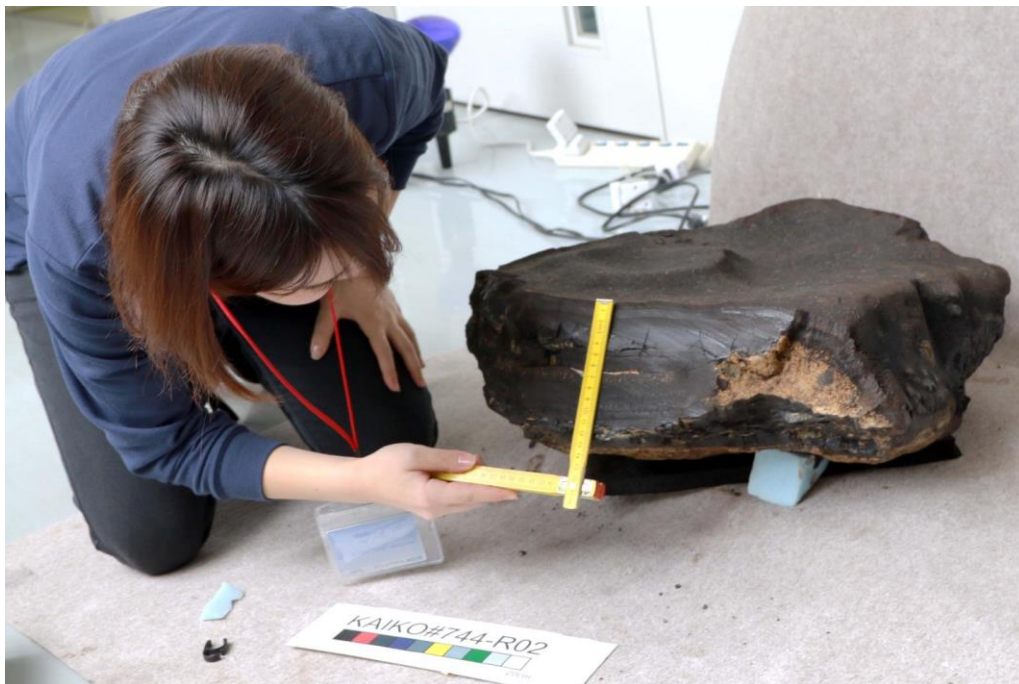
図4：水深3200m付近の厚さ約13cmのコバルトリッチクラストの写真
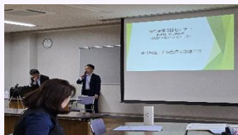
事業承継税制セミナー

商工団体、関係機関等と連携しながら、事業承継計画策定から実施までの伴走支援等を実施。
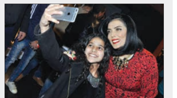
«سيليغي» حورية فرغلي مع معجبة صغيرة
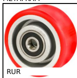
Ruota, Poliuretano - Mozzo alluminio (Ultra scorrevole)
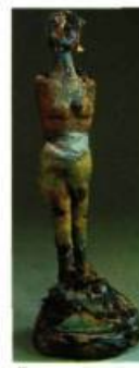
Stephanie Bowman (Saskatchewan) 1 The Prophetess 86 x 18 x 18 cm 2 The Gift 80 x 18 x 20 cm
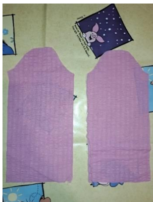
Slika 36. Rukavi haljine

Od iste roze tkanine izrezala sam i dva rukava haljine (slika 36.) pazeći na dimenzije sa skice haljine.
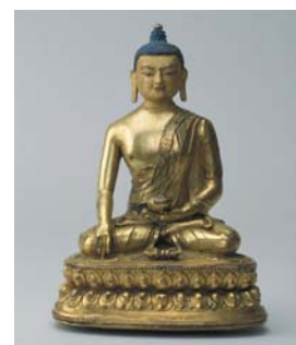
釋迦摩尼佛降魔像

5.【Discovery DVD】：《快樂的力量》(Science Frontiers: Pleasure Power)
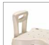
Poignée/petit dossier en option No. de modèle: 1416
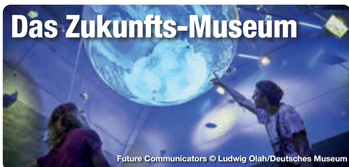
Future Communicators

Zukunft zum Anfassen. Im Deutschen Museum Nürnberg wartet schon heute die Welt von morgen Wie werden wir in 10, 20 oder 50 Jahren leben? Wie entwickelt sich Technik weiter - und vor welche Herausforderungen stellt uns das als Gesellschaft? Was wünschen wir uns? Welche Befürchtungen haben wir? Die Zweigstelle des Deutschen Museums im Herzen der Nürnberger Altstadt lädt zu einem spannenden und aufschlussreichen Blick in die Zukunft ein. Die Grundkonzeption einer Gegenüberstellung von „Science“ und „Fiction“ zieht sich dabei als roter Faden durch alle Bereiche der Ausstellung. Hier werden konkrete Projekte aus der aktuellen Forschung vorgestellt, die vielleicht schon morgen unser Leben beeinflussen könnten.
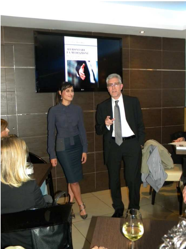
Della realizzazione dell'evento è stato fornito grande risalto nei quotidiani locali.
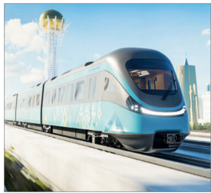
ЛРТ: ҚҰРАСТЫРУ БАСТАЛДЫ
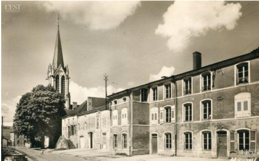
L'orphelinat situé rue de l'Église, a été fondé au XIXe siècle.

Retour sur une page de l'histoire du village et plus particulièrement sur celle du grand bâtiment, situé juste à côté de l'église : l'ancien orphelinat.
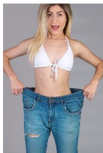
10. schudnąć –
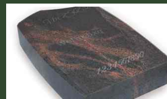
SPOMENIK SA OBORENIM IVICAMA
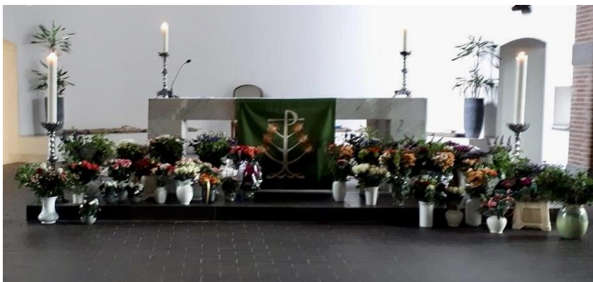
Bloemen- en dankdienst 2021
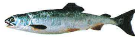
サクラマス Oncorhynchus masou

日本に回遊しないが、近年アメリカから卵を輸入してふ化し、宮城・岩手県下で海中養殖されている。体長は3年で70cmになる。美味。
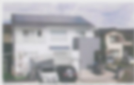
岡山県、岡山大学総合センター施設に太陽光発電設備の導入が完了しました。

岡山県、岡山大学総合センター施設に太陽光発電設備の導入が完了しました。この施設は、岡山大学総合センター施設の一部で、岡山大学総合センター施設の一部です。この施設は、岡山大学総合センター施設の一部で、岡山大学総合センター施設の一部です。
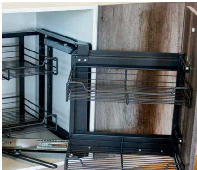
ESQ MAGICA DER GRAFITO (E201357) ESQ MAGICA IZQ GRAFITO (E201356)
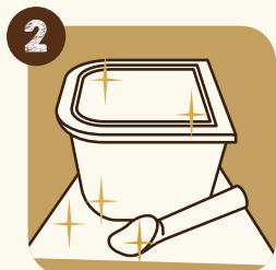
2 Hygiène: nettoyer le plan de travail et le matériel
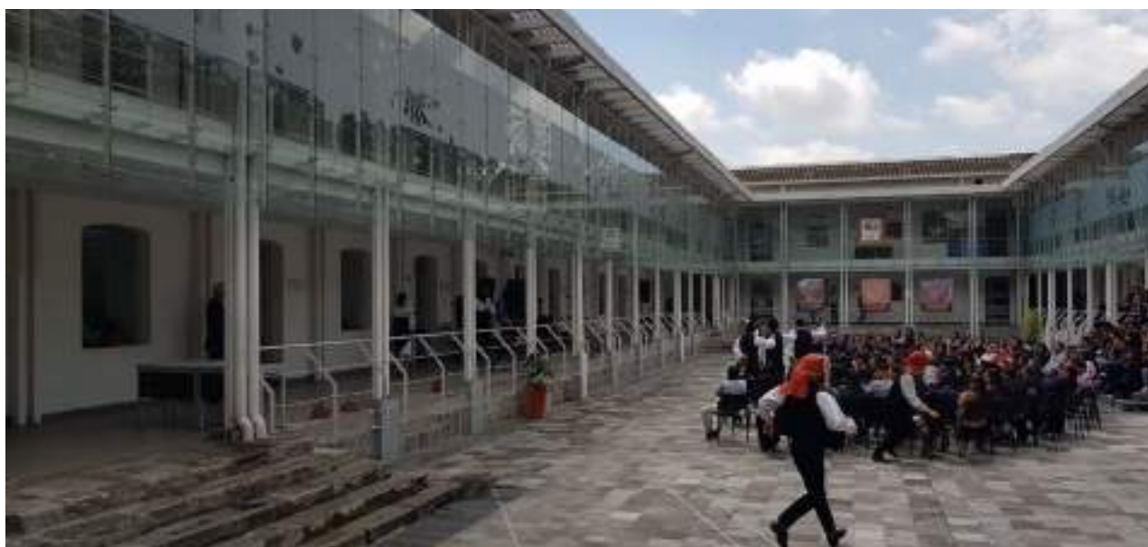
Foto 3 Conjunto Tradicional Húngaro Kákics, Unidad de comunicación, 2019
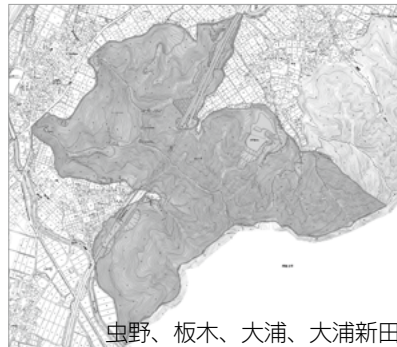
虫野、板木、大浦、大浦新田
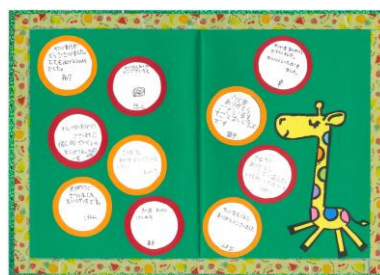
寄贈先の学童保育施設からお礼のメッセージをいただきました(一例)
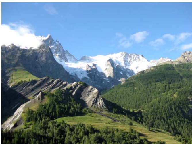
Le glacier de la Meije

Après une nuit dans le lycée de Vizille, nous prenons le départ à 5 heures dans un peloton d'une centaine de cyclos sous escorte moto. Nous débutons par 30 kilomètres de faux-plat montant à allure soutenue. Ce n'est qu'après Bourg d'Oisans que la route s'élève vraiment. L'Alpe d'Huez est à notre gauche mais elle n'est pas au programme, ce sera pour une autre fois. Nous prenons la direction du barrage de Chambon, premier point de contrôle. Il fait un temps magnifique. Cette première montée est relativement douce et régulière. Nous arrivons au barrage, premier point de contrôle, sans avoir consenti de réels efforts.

• WORK REQUEST: Repeat the records word for word. Leave out whatever pictures they hold.

• ANSWER TO THIS EXERCISE:
図4：水深3200m付近の厚さ約13cmのコバルトリッチクラストの写真
事業承継税制セミナー

商工団体、関係機関等と連携しながら、事業承継計画策定から実施までの伴走支援等を実施。
«سيليغي» حورية فرغلي مع معجبة صغيرة
Ruota, Poliuretano - Mozzo alluminio (Ultra scorrevole)
Stephanie Bowman (Saskatchewan) 1 The Prophetess 86 x 18 x 18 cm 2 The Gift 80 x 18 x 20 cm
Slika 36. Rukavi haljine

Od iste roze tkanine izrezala sam i dva rukava haljine (slika 36.) pazeći na dimenzije sa skice haljine.
釋迦摩尼佛降魔像

5.【Discovery DVD】：《快樂的力量》(Science Frontiers: Pleasure Power)
Poignée/petit dossier en option No. de modèle: 1416
Future Communicators

Zukunft zum Anfassen. Im Deutschen Museum Nürnberg wartet schon heute die Welt von morgen Wie werden wir in 10, 20 oder 50 Jahren leben? Wie entwickelt sich Technik weiter - und vor welche Herausforderungen stellt uns das als Gesellschaft? Was wünschen wir uns? Welche Befürchtungen haben wir? Die Zweigstelle des Deutschen Museums im Herzen der Nürnberger Altstadt lädt zu einem spannenden und aufschlussreichen Blick in die Zukunft ein. Die Grundkonzeption einer Gegenüberstellung von „Science“ und „Fiction“ zieht sich dabei als roter Faden durch alle Bereiche der Ausstellung. Hier werden konkrete Projekte aus der aktuellen Forschung vorgestellt, die vielleicht schon morgen unser Leben beeinflussen könnten.
Della realizzazione dell'evento è stato fornito grande risalto nei quotidiani locali.
ЛРТ: ҚҰРАСТЫРУ БАСТАЛДЫ
L'orphelinat situé rue de l'Église, a été fondé au XIXe siècle.

Retour sur une page de l'histoire du village et plus particulièrement sur celle du grand bâtiment, situé juste à côté de l'église : l'ancien orphelinat.
10. schudnąć –
SPOMENIK SA OBORENIM IVICAMA
Bloemen- en dankdienst 2021
サクラマス Oncorhynchus masou

日本に回遊しないが、近年アメリカから卵を輸入してふ化し、宮城・岩手県下で海中養殖されている。体長は3年で70cmになる。美味。
岡山県、岡山大学総合センター施設に太陽光発電設備の導入が完了しました。

岡山県、岡山大学総合センター施設に太陽光発電設備の導入が完了しました。この施設は、岡山大学総合センター施設の一部で、岡山大学総合センター施設の一部です。この施設は、岡山大学総合センター施設の一部で、岡山大学総合センター施設の一部です。
ESQ MAGICA DER GRAFITO (E201357) ESQ MAGICA IZQ GRAFITO (E201356)
2 Hygiène: nettoyer le plan de travail et le matériel
Foto 3 Conjunto Tradicional Húngaro Kákics, Unidad de comunicación, 2019
虫野、板木、大浦、大浦新田
寄贈先の学童保育施設からお礼のメッセージをいただきました(一例)
Le glacier de la Meije

Après une nuit dans le lycée de Vizille, nous prenons le départ à 5 heures dans un peloton d'une centaine de cyclos sous escorte moto. Nous débutons par 30 kilomètres de faux-plat montant à allure soutenue. Ce n'est qu'après Bourg d'Oisans que la route s'élève vraiment. L'Alpe d'Huez est à notre gauche mais elle n'est pas au programme, ce sera pour une autre fois. Nous prenons la direction du barrage de Chambon, premier point de contrôle. Il fait un temps magnifique. Cette première montée est relativement douce et régulière. Nous arrivons au barrage, premier point de contrôle, sans avoir consenti de réels efforts.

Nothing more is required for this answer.